Asked to expound on what he said in that interview, Elliott told reporters at his weekly presser this week that, yes, “the grad transfer route is definitely easier for us in terms of getting them in. Still got to get the right guys, because grad school is still challenging.”
“Undergrad is a little bit more challenging because of the 60 hours that they got to complete to get to a degree from UVA,” Elliott said. “So, even if there is an older guy with one year of eligibility left, I just don’t know. Morally, I don’t think it’s the right thing to bring a guy in that has to have 60 hours, and only one year to do it. That’s pretty much impossible.
“And when you’re looking at the undergrad guys, you got to make sure they got the right amount of eligibility, and do they have enough transferable credits to get in, and are they going to lose credits,” Elliott said. “If they lose, now you’re adding that on top of the 60 they got to complete here. So, it’s a little bit more of a constraint on the undergrad side. That’s why you’ve only seen a handful of those and more grad transfer guys.
“We’ll look in both spots for the best players, but it is a little bit easier, so to speak, on the grad transfer route, because of the degree fields we have available and getting those guys in,” Elliott said.
Breaking it down
If what I’ve been told is true, Elliott and his staff have already presented about a dozen cases to the admissions folks for the 2025 cycle, and they’re 0-for-12 – and you’ve got to assume, at this point, three years in, Elliott and his assistants have a good feel for the kinds of resumes that are a fit academically, so they’re not pulling an Al Groh here to make a point.
Which gets us to the question of the day: why are we still playing football at the University of Virginia, if we’re not going to try?
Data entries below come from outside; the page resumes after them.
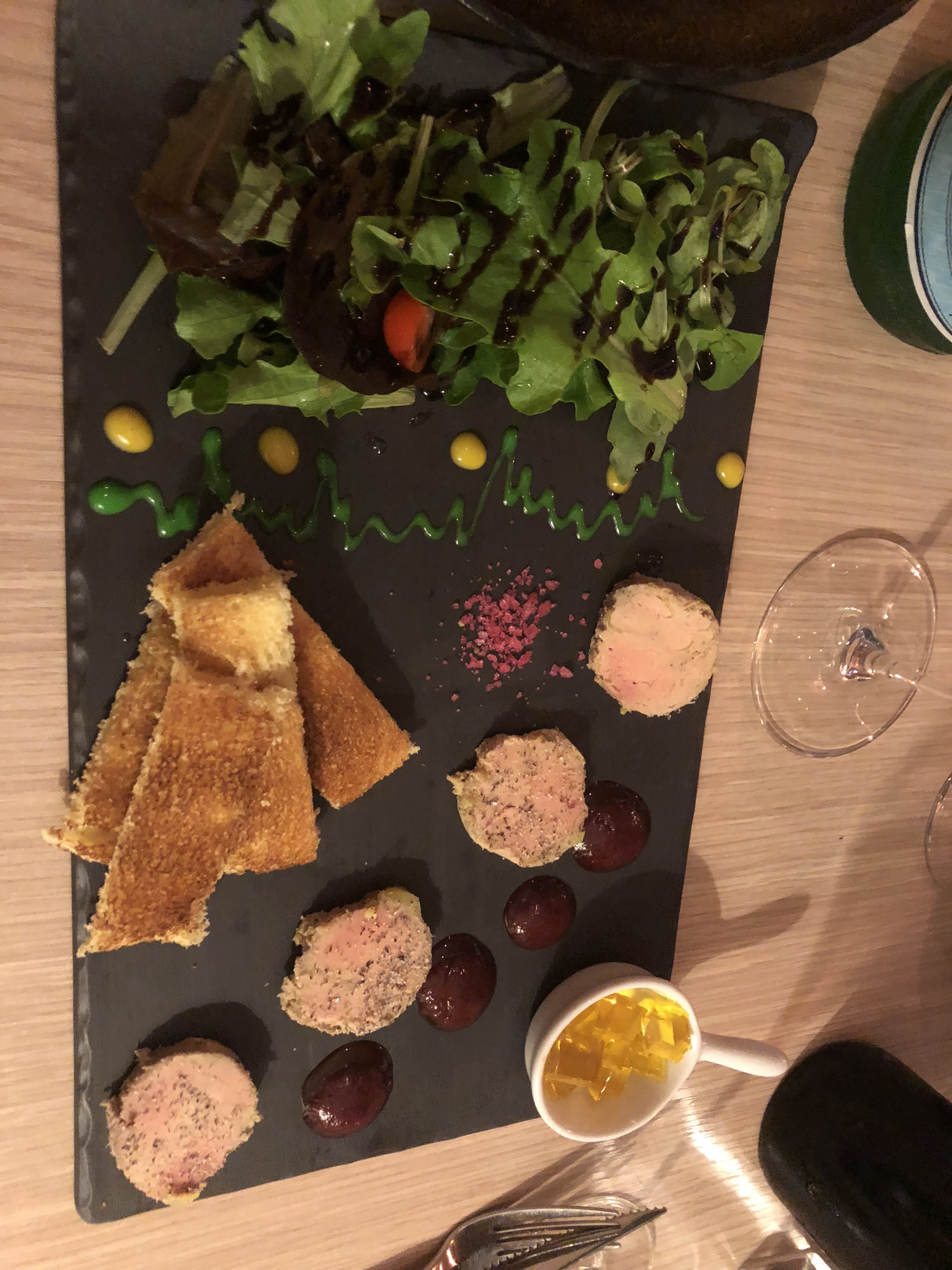 Je suis tombé là-dedans après avoir mal réservé un autre endroit la mauvaise nuit. Le foie gras était potentiellement le meilleur que nous ayons jamais mangé. Je ne le commande généralement pas, mais il a été recommandé et à juste titre. Les plats de poisson et de porc étaient également excellents. Le service était sympathique, compétent et gentil. Hautement recommandé.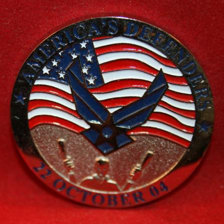 America's Defenders 22 October 04 Challenge Coin. Tinker AFB. Chromed metal with colouring.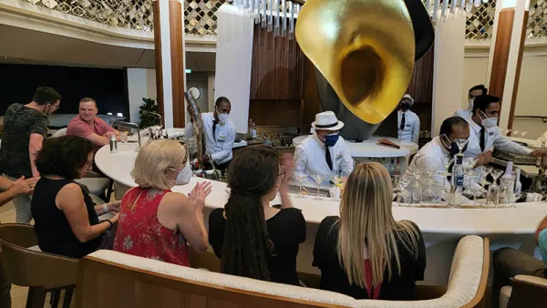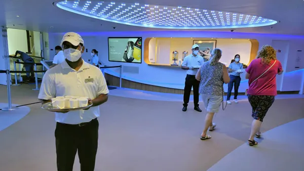 Eventually we returned back to Apex, and found immediate reprieve from the heat as security and boarding procedures were in the lovely Destination Gateway, with space, and friendly staff handing out infused waters and cold towels. This well-thought out space is part of Celebrity's effort to make the end-to-end cruise experience comfortable, so you don't have to wait in crowded halls for security, sweat on the gangway, or just in general, spend time in less-than-beautiful parts of the ship.
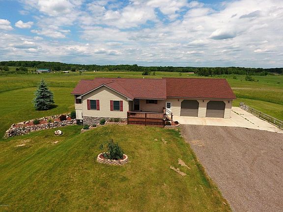 Amazing views from this 3-4 bed 3 bath home, just a short drive to Big Rapids. Spacious ranch home on a full walkout basement, built on a hill overlooking a gorgeous pond and spacious yard. Attached 2+ car garage with concrete approach. Updates throughout, with a generous sized master bedroom suite and large laundry room. Basement could add a 4th bedroom, and includes a wet bar and rec/entertainment area. A must-see home, come take a look before it is gone!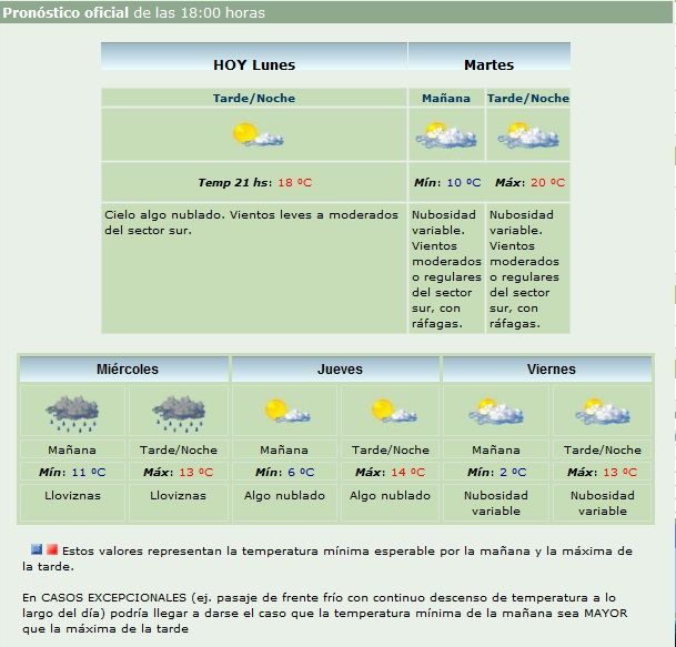 El frío está a la vuelta de la esquina. Mañana comenzará a desmejorar y el miércoles ya se sentirá un brusco descenso de la temperatura. La lluvia también dirá presente. El viernes, la máxima sería de 13° y la mínima de tan sólo 2°. Vea el pronóstico extendido del Servicio Meteorológico Nacional.
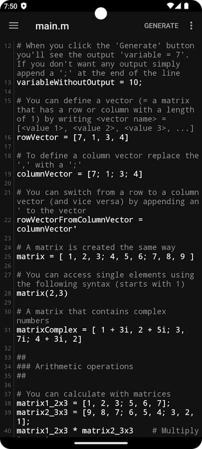 Anoc - это мощный и безопасный редактор Octave, разработанный специально для вашего устройства Android. Это приложение предоставляет вам возможность создавать и управлять проектами Octave непосредственно на вашем смартфоне или планшете, а также генерировать результаты и графики с помощью онлайн-редактора Octave Verbosus. Octave - это инструмент для численных вычислений, и Anoc предоставляет вам всю мощь этого инструмента прямо на вашем Android-устройстве. Вы можете решать линейные и нелинейные задачи, а также проводить различные численные эксперименты, используя широкие графические возможности для визуализации и манипулирования данными. Выберите режим работы - локальный или облачный - в зависимости от ваших предпочтений, и наслаждайтесь удобством генерации и просмотра результатов и графиков прямо из вашего кода Octave.

I mean, I know the answer there.
The UVA Football program subsidizes the non-revenue sports, and that’s even with half-empty stadiums on home Saturdays.
UVA Football ran a $20 million operating surplus in fiscal year 2022, and that was with football getting $22.8 million from its TV rights from the ACC, according to data from Sportico.
Knowing that, now, maybe, you can see what’s going on here.
UVA Football is the Chicago Cubs or Boston Red Sox of the ACC.
The analogy I’m going for here: the Cubs and Sox make money whether they win or not, so as much as Cubs fans and Sox fans want to be competitive, the owners of the teams have to really be motivated to want to spend to put competitive teams out there, when all that extra spending does is cut into their bottom line.
It’s not quite a spending issue at UVA, which has more money than god.
The issue is more cultural, dating back to when UVA President Colgate Darden turned down an invite to the Orange Bowl in the 1950s, citing his desire to steer clear of “big-time, highly subsidized football.”
The George Welsh years must have driven the suits with their noses in the air crazy, because those folks have always wanted it both ways – they want the TV money from football to pay for swimmers and rowers and track and field athletes and tennis players to represent us in the Olympics, but they don’t want to be too good at the football thing, so as to be able to engage on a level playing field in “jocular” rivalries with the likes of Virginia Tech, because football, let’s face it, it’s low-brow.
Tip of the hat there to John Casteen, who didn’t even want to fund scholarships for the women’s basketball program when it was starting up in the 1970s, preferring to put money in women’s sports in old guard sports like tennis, because he dreamed of a UVA alum getting into a Wimbledon final.
I wish I was making that up.
They don’t want to win, is what I’m getting at here.
The suits with their snoots are perfectly happy putting a football team out there that has no chance of being competitive, as long as the football money keeps coming in, so that we can be Top 10 in men’s and women’s squash.